Towards the end of a Hall of Fame-worthy career as a player, Frank Robinson became the first African-American manager in the major leagues in 1974, when the Cleveland Indians hired the then-39-year-old as their 28th manager and ninth player-manager in franchise history. Robinson, while recognizing the importance of the position he was in, said at the time that it was just the first step.
“I just hope baseball people don’t say, ‘All right, Frank Robinson is the first black manager, we have one, that’s it.’” he told the New York Times in October of 1974.

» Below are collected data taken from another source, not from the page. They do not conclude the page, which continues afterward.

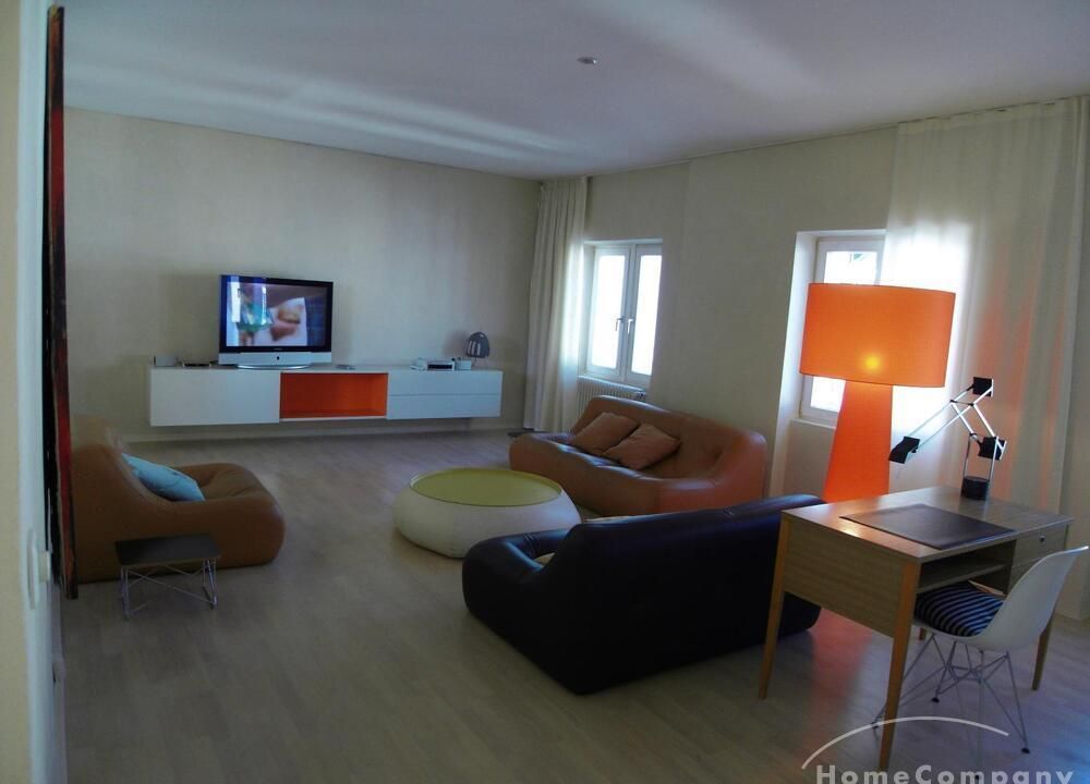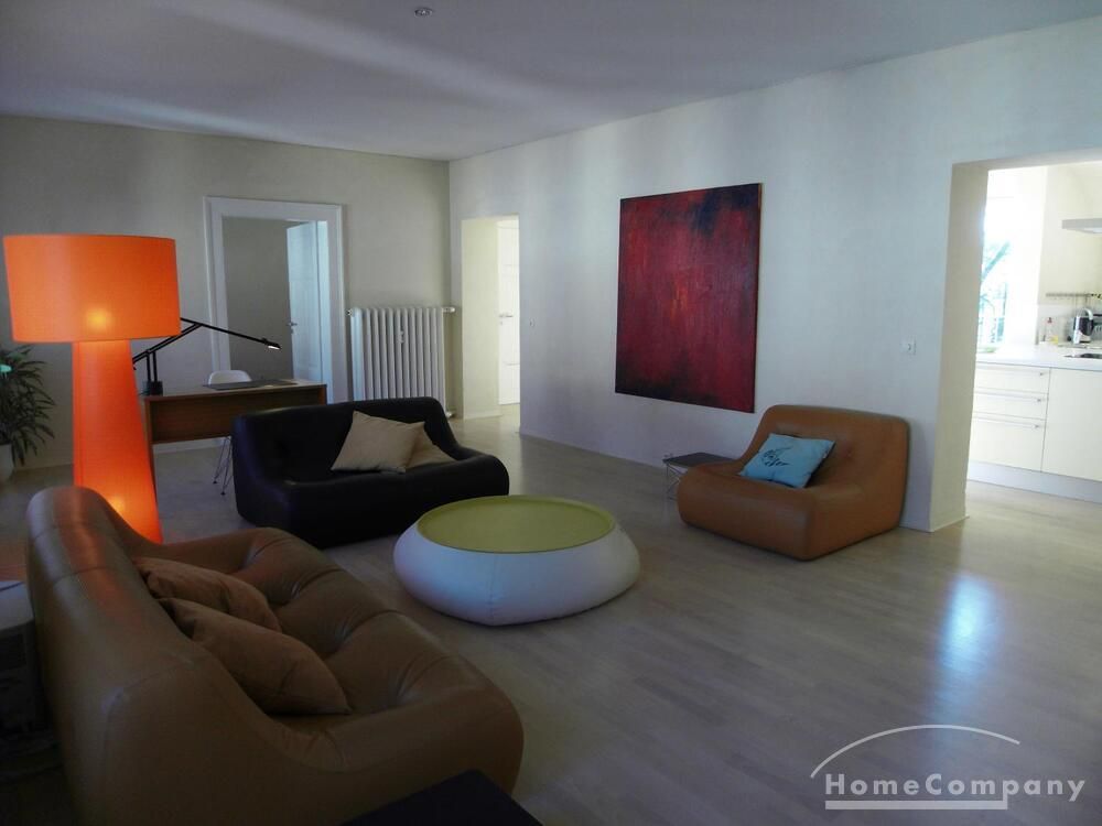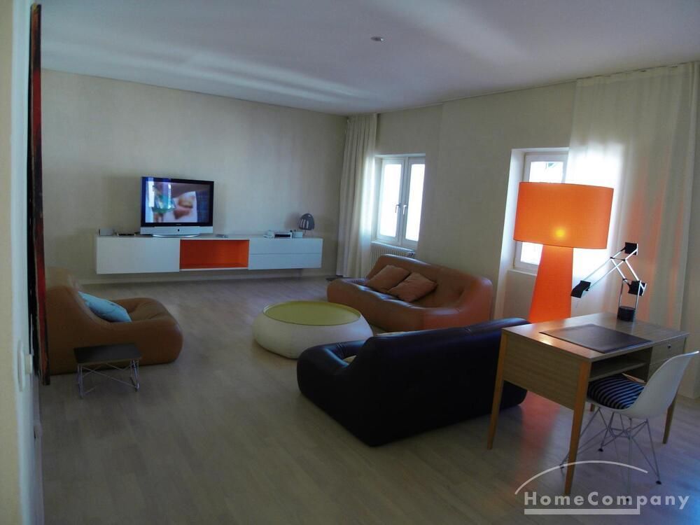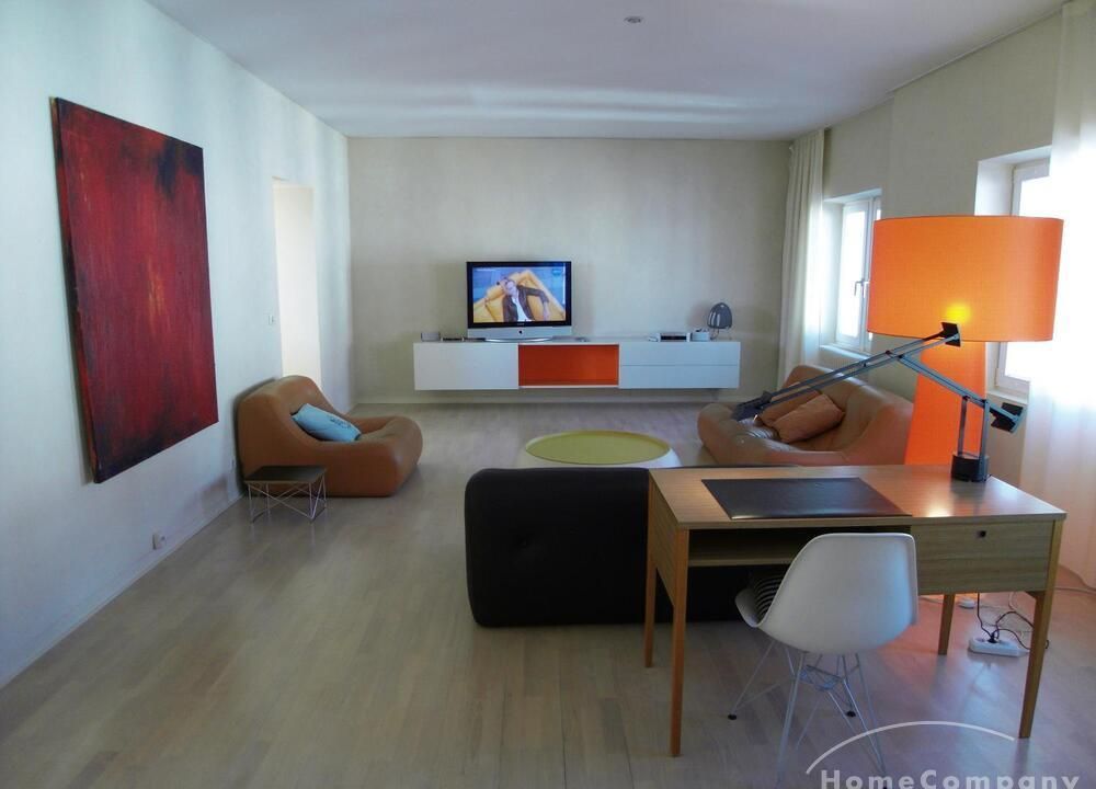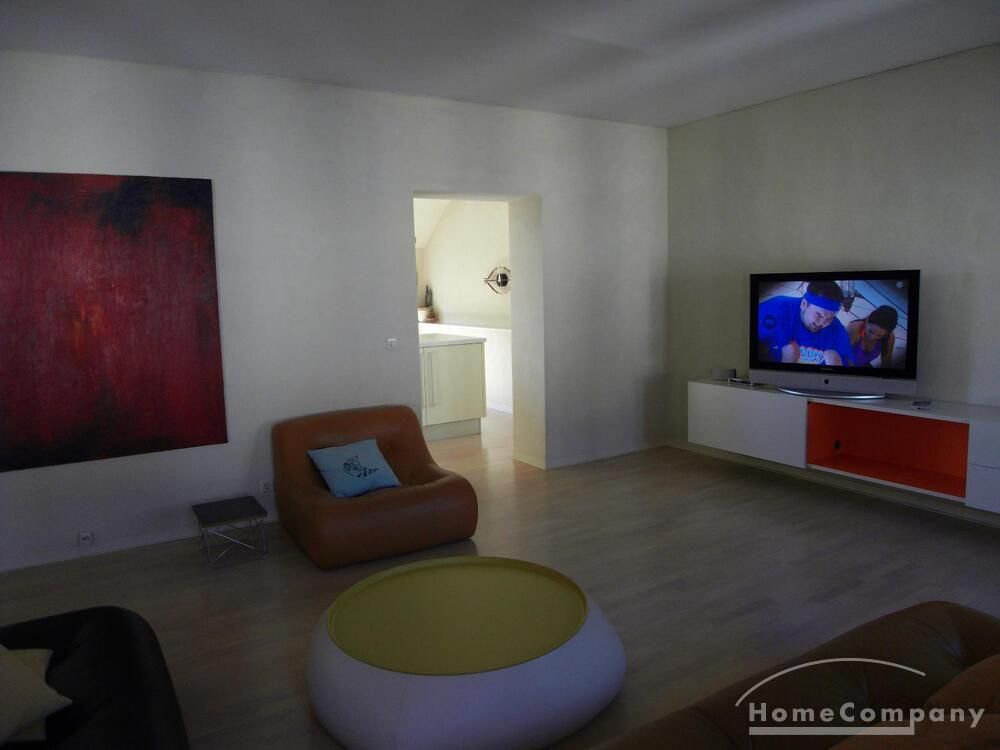 The living room has two leather sofas and a leather chair with a coffee table, a large hanging sideboard with digital satellite TV with flat screen TV, a stereo system (Bose), a desk with chair (Eames), a desk lamp (Megaron), and a large design floor lamp. Internet included.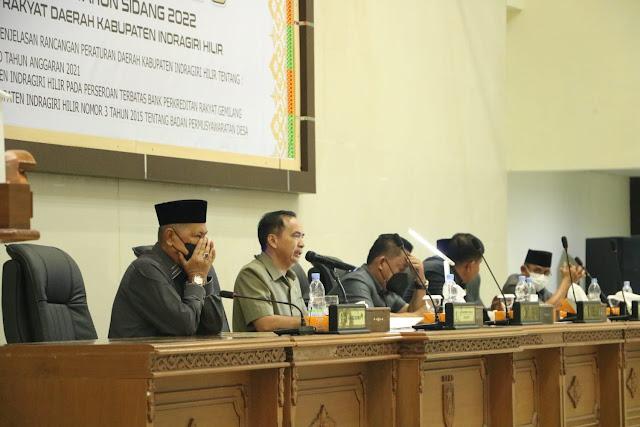 TEMBILAHAN - Dewan Perwakilan Rakyat Daerah (DPRD) Indragiri Hilir menggelar Rapat Paripurna tentang Laporan Keterangan Pertanggungjawaban (LKPJ) Pelaksanaan APBD Inhil tahun 2021, Penyertaan Modal Daerah kepada BPR Gemilang serta Perubahan Peraturan tentang Badan Permusyawaratan Desa.
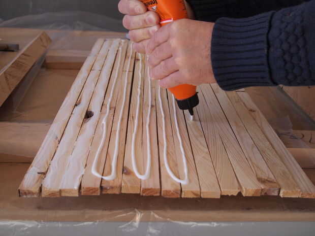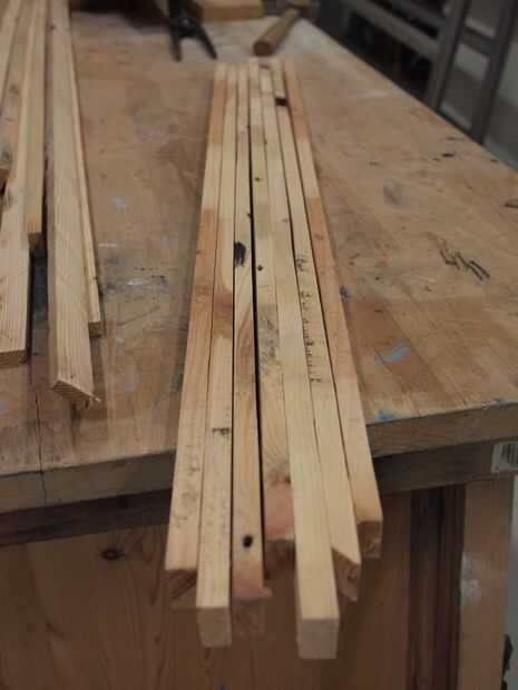 2) tiras use que una mesa de sierra para cortar los tableros de 10 mm de espesor. Tenga en cuenta que algunas paletas tienen tableros de espesor variable, usted tendrá que organizar y separar las tiras en que espesores y en términos de calidad. Se necesitan tres conjuntos de 5 tiras largas (aprox. 80cm) para hacer las patas y 30 piezas más cortas para hacer el asiento. La longitud de las tiras largas depende de cuánto tiempo decida que las piernas hay que al final, sólo asegúrese de dejarlas más tiempo para puede cortarlas a medida después de que se forman. Mi asiento estaba 30cmx30cm, piezas cortas a necesitar por lo menos 30 cm.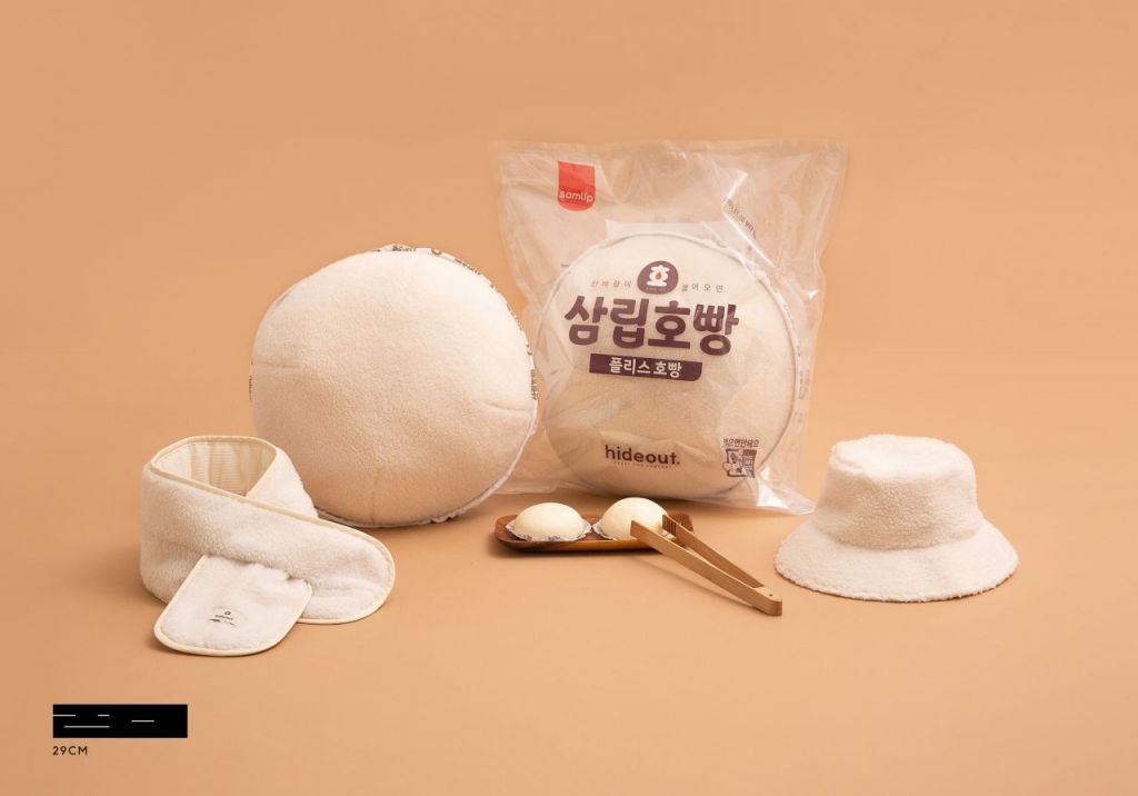삼립호빵 플리스는 ‘플리스 호빵 쿠션’과 ‘플리스 재킷’ 두 가지 상품으로 구성됐다. 두 가지 상품 모두 고밀도, 고중량의 플리스 소재를 사용해 따뜻하면서도 포근함까지 느껴질 수 있도록 기획했다. 플리스 호빵 쿠션은 쿠션, 머플러, 버킷햇으로 이루어진 방한 3종 세트로, 삼립호빵의 대표 상품인 단팥 호빵의 외관을 똑같이 묘사한 것이 특징이다.

“In my heart, I don’t think I was hired because I was black. I hope not. I think I’ve been hired because of my ability.”
Robinson finished his playing days with a combined .294/.389/.537 line, 528 doubles, 586 home runs, two MVP awards (one in each league), and one Triple Crown, which he won in 1966 in Baltimore, leading the American League with a .316 AVG, 49 home runs, and 122 RBIs. He also led the AL in OBP (.410), SLG (.637), and runs scored (122) that season.
As a manager, Robinson spent 16 years on the bench in the majors, the final five with the Montreal Expos/Washington Nationals franchise.
His final two season as a skipper were in 2005-2006, when he led the Nats to an 81-81 mark in their first season in D.C. and a 71-91 record in ‘06.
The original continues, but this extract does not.